Posted on March 20, 2010. Filed under: Computer Science, Programming, Services | Tags: , , , , , |

We’ve been planning on moving to a new messaging protocol for a while. We’ve looked at a lot of different solutions but had enough issues with every proposed solution to date that we haven’t made a decision. JR Boyens pointed us to Google’s announcement Protocol Buffers: Google’s Data Interchange Format in July. Glanced at it but then it got lost in the everyday noise. Recent work on a project caused it to get more attention. I like what I see.

As part of a new offering we decided to add in our new messaging direction. We’re processing realtime voice conversations. Some of our major considerations are:

  1. Latency and Performance – Latency matters to us. A LOT. I’m including not only network transport but also memory and CPU. The total time it takes for a message to get from it’s native format in the sender to it’s native format in the receiver. We’re dealing with real time voice communications, too much latency and best case is the callers experience suffers. Our labor model is also sensitive to even small changes in latency. The smaller the latency the more efficient we are, the happier our client’s customers are and the more money we make. As greedy capitalist we see that as a good thing.
  2. Versioning – Our current system has no versioning. Yeah, short sighted on my part. We have to fix it so it’s required for any new message protocol. Protobuf fits our needs on this nicely. Different versions have to coexist and interoperate. We could do this on a different layer than the messaging but it makes sense to me to keep it at this level.
  3. Java and C++ – Language independence is cool and all but in practice if the protocol support Java and C++ we’re good to go. Maybe I’m being a bit myopic but my feeling is the likely hood that whatever we choose will expand to support more languages in the future is very high if it supports several today.
  4. Internal – We control the end points. I don’t care if the schema is external to the data package. In fact, for our use case that’s a plus. For any external services we’ll still expose those using the usual standards. Internally our applications will be using PB for their messaging format.
In short, we’re all about high volume low latency messages.

Protocol buffers are a flexible, efficient, automated mechanism for serializing structured data – think XML, but smaller, faster, and simpler. You define how you want your data to be structured once, then you can use special generated source code to easily write and read your structured data to and from a variety of data streams and using a variety of languages. You can even update your data structure without breaking deployed programs that are compiled against the “old” format.

Protocol buffers have many advantages over XML for serializing structured data. Protocol buffers:

  • are simpler
  • are 3 to 10 times smaller
  • are 20 to 100 times faster
  • are less ambiguous
  • generate data access classes that are easier to use programmatically
Seems like a decent fit. OK, actually an awesome fit. One of our developers has been doing some testing. It’s impressive.

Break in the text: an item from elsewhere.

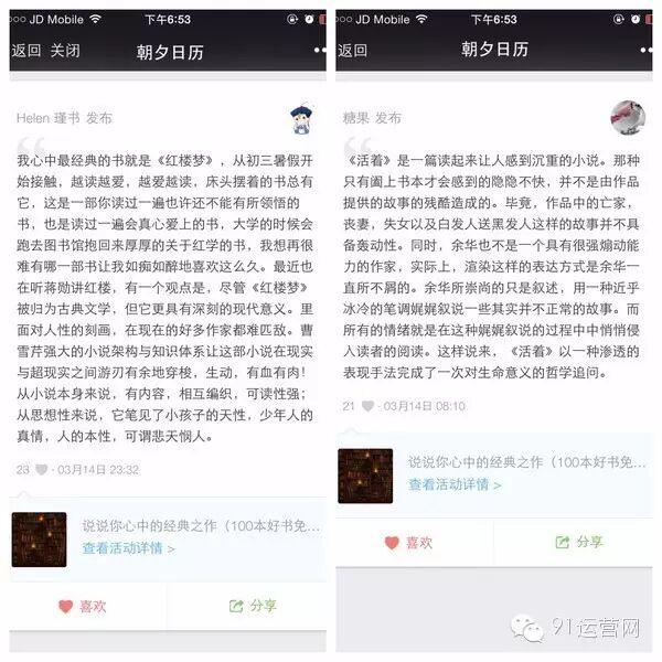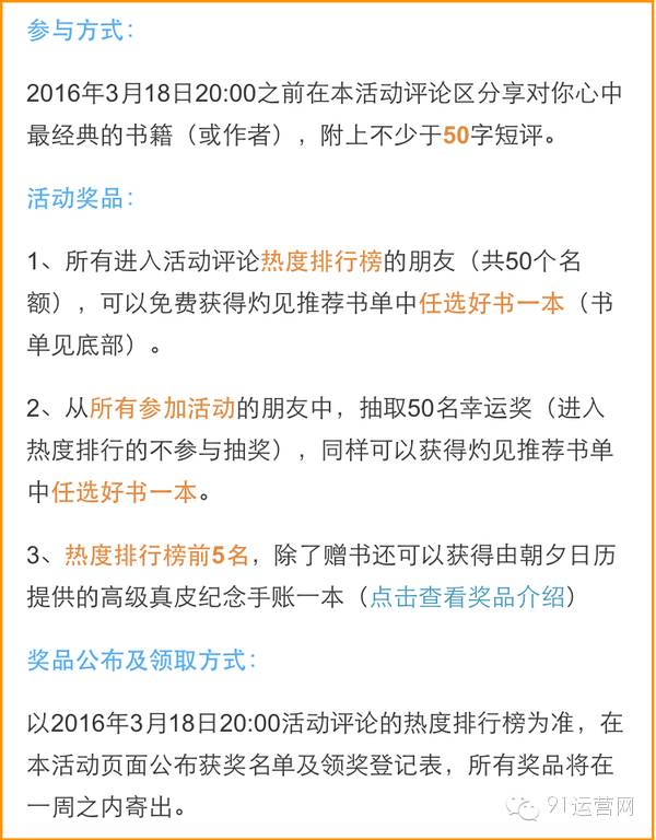 最近互联网圈兴起了一股读书热,各种读书活动层出不穷。前两天,我们也做了一场『说说你心中的经典之作』为主题的书评活动。活动发布之后短短几个小时参与人数破万,两天之内产生了将近3000条高质量书评,参与人数还在逐步增加。下面是活动截图: 一场成功的活动跟前期的策划和铺垫工作是分不开的,下面是我的一些总结和思考,供大家参考: 一、如何多维度提高活动吸引力? 一场活动效果好不好,归根结底取决于活动对用户的吸引力强不强。很多做活动运营的小伙伴感叹,现在用户越来越难满足了,不送几个iphone、ipad都不好意思做活动。其实这就把活动吸引力的构成看得太简单了。奖品固然是吸引力,但不是活动吸引力的全部,甚至不是活动吸引力的关键。我觉得活动吸引力至少有三个构成因素: 1、内容:运营人员一般习惯把内容运营和活动运营分开来。其实,如果能把内容和活动结合起来做,往往能达到更好的效果。比如,我们这次虽然做的是送书活动,但是并没有简单粗暴地抽奖送书,也没有设置各种显性隐性的诱导分享。我们的活动宣传简单而克制,只有首尾两处并不扎眼的引导。主体部分是一份长长的书单,这是我们参考各种书单和排行榜后精选出来的20本经典好书,用简约优雅的排版配上图片和简介,很具有可读性。这么一篇文章,相信用户即使不为了奖品,也愿意好好读一读内容。从后台数据来看,这篇文章的分享数和收藏数都达到了1000以上,说明用户对内容的认可度还是很高的。其实,这种把内容与活动相结合的思路完全可以在其他场合复制。比如,朋友圈随处可见的微课,如果能充分挖掘讲课嘉宾的故事,打造一片热文,然后顺带着宣传活动是不是效果会更好呢? 2、互动:《认知盈余》最后一章『寻找鼠标,世界是闲的』揭示了一个道理:只要给用户合适的工具和场景,人们并不缺少参与互动的意愿和空闲时间。反过来说,如果一场活动不能给用户提供好的互动形式,纯靠奖品的诱惑是很难到达理想效果的。长期各种『被骗』后,用户也都不傻,谁都知道拿到奖品永远是小概率事件。如何让用户在明知道获奖机会不大的情况下,还愿意参加活动呢?那就得激发用户的互动意愿。微信圈里不乏各种送奖活动。但是要么是直接抽奖,毫无互动。要么是在公众号后台按要求回复一些关键词,用户面对的是冷冰冰的自动回复,互动感很差。而我们这次活动设计的互动形式,是让用户在我们的活动页面分享他心中的经典书籍和短评,然后按照热度排行榜颁奖。这种互动形式有几个优点: 首先,话题的设计让用户有的可聊,谁还没有一两本喜欢的书呢,对于自己心中的经典之作,一般人都能写出几句评价和感悟。前面文章中提供的书单也是很好的参考。 其次,随着参与互动人数增多,活动页面实际上成了一个微型社区。早期参加的用户产生的优质内容会进一步激发后面用户的分享意愿。即使不参加,看看人家写的书评也是极好的。 最后,提供了分享和点赞机制,并跟奖品绑定,形成了竞争机制,同时也满足了用户的社交需求,提高了用户的转发动力,进而形成二次转化,吸引更多用户参加活动。 从实际情况来看,虽然我们只要求写50字短评,但是随意敷衍的用户很少,大部分用户都提交了很认真的书评。 3、奖品:奖品是活动的最直接的吸引力,丰厚与否固然重要,设置方法也有讲究。我们这次活动奖品设置我觉得有几点做得比较好的。 首先,有诚意。100本书不算少,有心要拿奖的话,难度并不大。而且获赠的书可以由用户自己选定,而不是随机赠送。 其次,有价值。书单里的20本书,都是公认的经典好书,足够有吸引力。而不是像有的活动只能送出版社指定的书,范围较窄,质量参差不齐。 最后,有层次。奖品共分为三类,进入热度排行前50名的直接送书,没有入榜的可以参与抽奖(50本),Top5的用户还能获得额外的纪念品。这种分层的奖品设置,照顾到了各种用户,让积极用户有竞争,普通用户有希望,围观用户有动力。 二、活动策划要注意哪些问题? 1、活动主题:格调与受众的平衡 做内容运营的同学都知道,选题至关重要,其实活动策划也是如此。主题定得好不好,直接影响成败。对于读书活动来说,我觉得主题最需要考虑的就是格调和受众的平衡。格调太高则曲高和寡,很难做大。试想如果做一场《梦的解析》专题读书活动,有多少人能参与互动?格调太低则有损品牌形象,让一部分高质量用户不屑参加。而且读书这个事,每个人喜好都不一样,很难有哪个主题能引起所有人的共鸣。所以我们决定做开放型的话题。但是即使如此,范围还是有点大,如何找到最佳活动主题呢?不能靠猜想,也不能随便碰运气,要用精益创业的思路去反复试错。 我们这次活动的主题确定就有一个反复尝试的过程。最开始,我们定的主题是『晒晒你的2016年度书单』。定了主题后我们先小范围做了一下尝试,发现效果不太好。分析原因是参与门槛太高,大部分人并没有做读书计划的习惯,让普通用户列一个年度书单有难度。所以,我们又将主题更改为『说说对你成长影响最大的一本书』。发现效果要好一些,但是还是不够好。分析原因是主题设计不太合理,好书固然能影响一个人的成长,但书籍的影响往往是渐进的,对于大部分人来说,很难讲哪一本书非常明显地影响了自己的成长。多以,我们把活动主题进一

To me protobuf feels like compiled JSON. They are very similar.  The main difference being JSON sends data over the wire in text format verses protobuf’s binary format. The latter has the advantage of a smaller size and being faster for a computer to parse.

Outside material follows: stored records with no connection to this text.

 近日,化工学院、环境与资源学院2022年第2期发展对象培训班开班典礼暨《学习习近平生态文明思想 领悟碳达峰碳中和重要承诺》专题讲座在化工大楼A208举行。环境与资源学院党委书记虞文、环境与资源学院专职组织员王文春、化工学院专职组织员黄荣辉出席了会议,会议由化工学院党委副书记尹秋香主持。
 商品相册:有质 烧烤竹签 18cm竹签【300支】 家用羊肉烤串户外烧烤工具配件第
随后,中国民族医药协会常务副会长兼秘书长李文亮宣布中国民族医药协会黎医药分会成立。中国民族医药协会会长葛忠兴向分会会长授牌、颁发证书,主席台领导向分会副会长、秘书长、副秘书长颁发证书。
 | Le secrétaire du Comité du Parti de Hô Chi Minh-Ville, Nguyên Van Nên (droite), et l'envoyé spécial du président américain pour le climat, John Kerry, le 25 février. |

Why not ASN.1? Seems like one of the best choices. Well understood and widely used. Sure the full ASN.1 specification is complex but we’d only need a small subset. I’m still struggling with this one a bit. Tool support seems a bit better in protobuf and it’s definitely simpler.

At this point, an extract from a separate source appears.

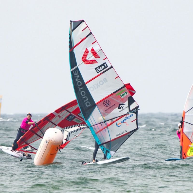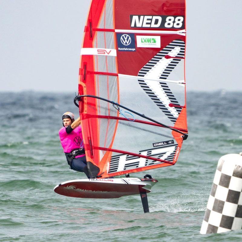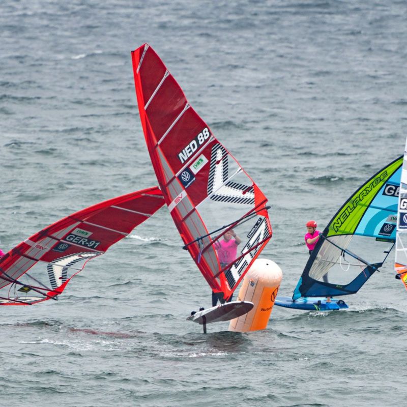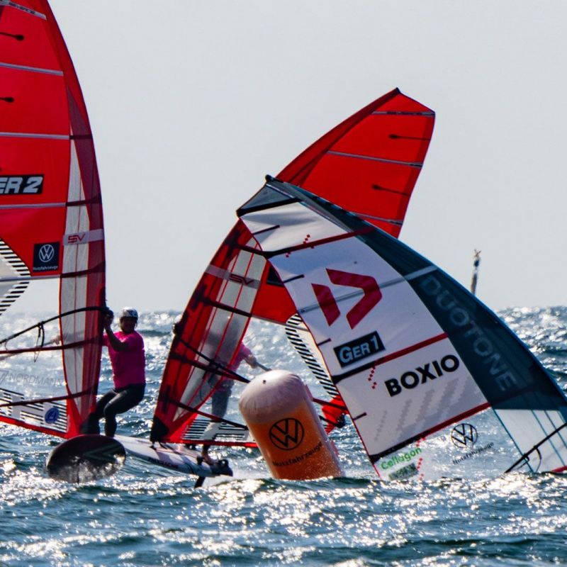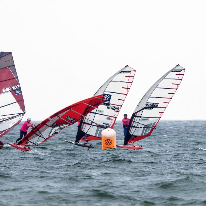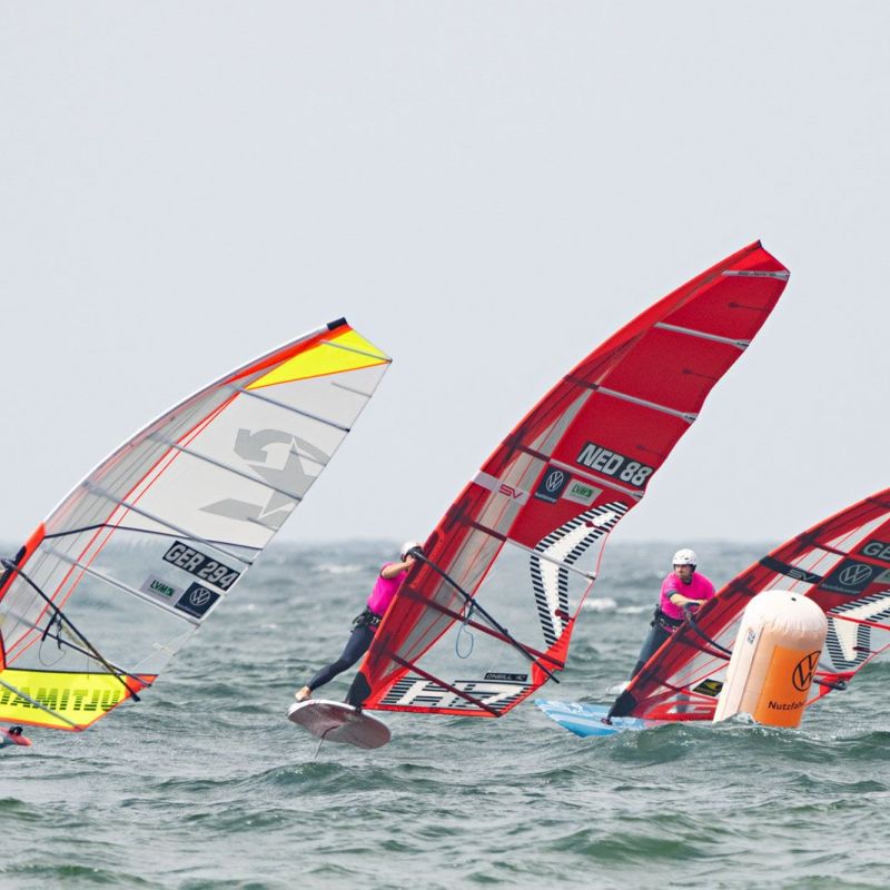 Fulminanter Auftakt bei den GWA Championships im Rahmen des California Surf Cups Sylt vor dem Brandenburger Strand. Nach drei Foil Slalom Entscheidungen setzt sich Vincent Langer vor Jonne Heimann und Anton Richter vorläufig an die Spitze.

Facebook’s Thrift is very similar to protobuf. Not surprising since the main author interned at Google. It’s a strong offering and recently became an Apache project. Nice stuff. Stuart Sierra has a nice comparison on his blog, Thrift vs. Protocol Buffers. Another worthy contender but not a big enough advantage to stop the internal momentum protobuf already has.


The HDF wiki has an entry Google Protocol Buffers and HDF5 that concludes:

In summary, Protocol Buffers and HDF5 were designed to serve different kinds of data intensive applications: a network based transient message system, and a high performance data storage system for very large datasets such as multi-dimensional images, respectively. That said, both 1) offer open source technologies that can reduce data management headaches for individual developers and projects, 2) increase the ability to share data through the use of well-defined binary formats and supporting libraries that run on a variety of platforms, and 3) provide the ability to access data stored with “older” versions of the data structures.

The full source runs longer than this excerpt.